The air smelled of ocean salts and blood. From the main thoroughfare, Lincoln Boulevard, came sounds of death and battle. Anwyl headed that way, which pulled us with him, which made him stop. "Stay here," he told us, but he didn't let go of our hands. "Come -" he began again, and took a step back toward the Connector. Then shadows covered us.
"Stay inside us," Monk greeted us.
"At all times," Miles added. Hernandez and I climbed to cling to girders deep inside Miles, while Anwyl strode forward to climb Monk. As the Towers translated toward the battle, they elevated several feet above the ground to avoid bodies.
We stopped at an intersection and watched the carnage evolve. The slaughter of the remaining refugees. Some refugees still carried bags of belongings, now hoisted for futile prote
ction. Most had dropped everything and huddled under whatever cover they could find - storefronts, building entries, parking structures, corpses.
At that time, it was the worst thing I had ever seen.
Most of the death came from above, from thousands of birds with stiff backs and wings that were layered and rippling. I thought they were birds, anyway, until light reflected on a dust jacket. These weren't birds; they were books.
The killer books sliced through the air, spines up, propelled by slowly flapping covers. Under each of them a black rain fell; their pages riffled and shed letters that had a delicate look and a deadly touch. The letters were all edges and the edges were unthinkably sharp. Some of them stretched to the size of razor blades as they fell, others remained tiny and fell as a deadly black dust. The letters impaled themselves into concrete sidewalks. They sliced long curls of metal from a railing. They slid through flesh and bone so cleanly that the victims kept running a few steps before falling into pieces. Occasionally, a picture slid from a large-format book and became a free-flying guillotine blade.

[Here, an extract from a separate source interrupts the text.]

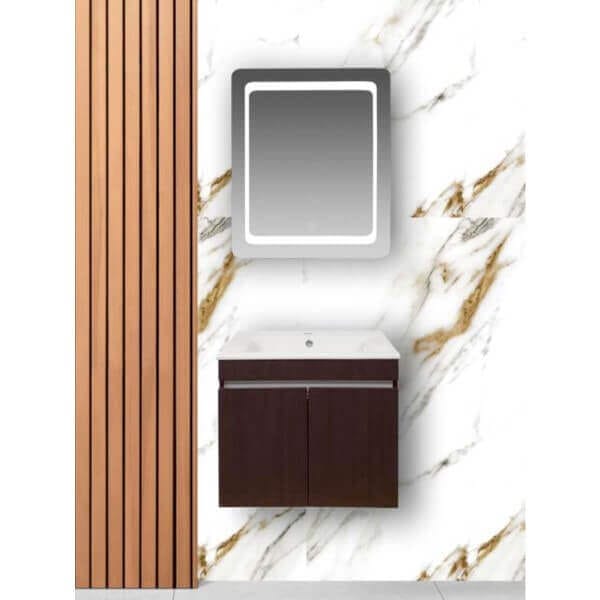 С размери 61х43х52 см, долният шкаф за баня с мивка Makena Лариса предлага достатъчно място за съхранение на вашите принадлежности с две чекмеджета. Изработен от водоустойчив PVC материал, той е проектиран да устоява на влагата и да запази качеството си дори в най-влажни условия. Плавното затваряне на чекмеджетата осигурява тишина при употреба, което е особено важно в домашната обстановка.

Those who managed to outrun a book did not get far. They would trip over a pile of body parts or slip in a pool of blood, then futilely regain balance as the slow-moving book caught up to them.
Some books approached us. Monk vibrated and lightning cracked at his peak. The closest books exploded in flaming ashes. Most of their letters melted, hitting the ground in congealed lumps; some letters shot sideways, slicing through other books and more refugees.
A quintet of books hovered beyond Miles, pacing us just outside the zone where they would explode. I recognized their dust jackets. Los Angeles City Library. "Those are the books that Anya made me leave on the stairs!" I yelled to Anwyl.
He watched them hover at my eye level. "They have attached to you. They seek to do your bidding."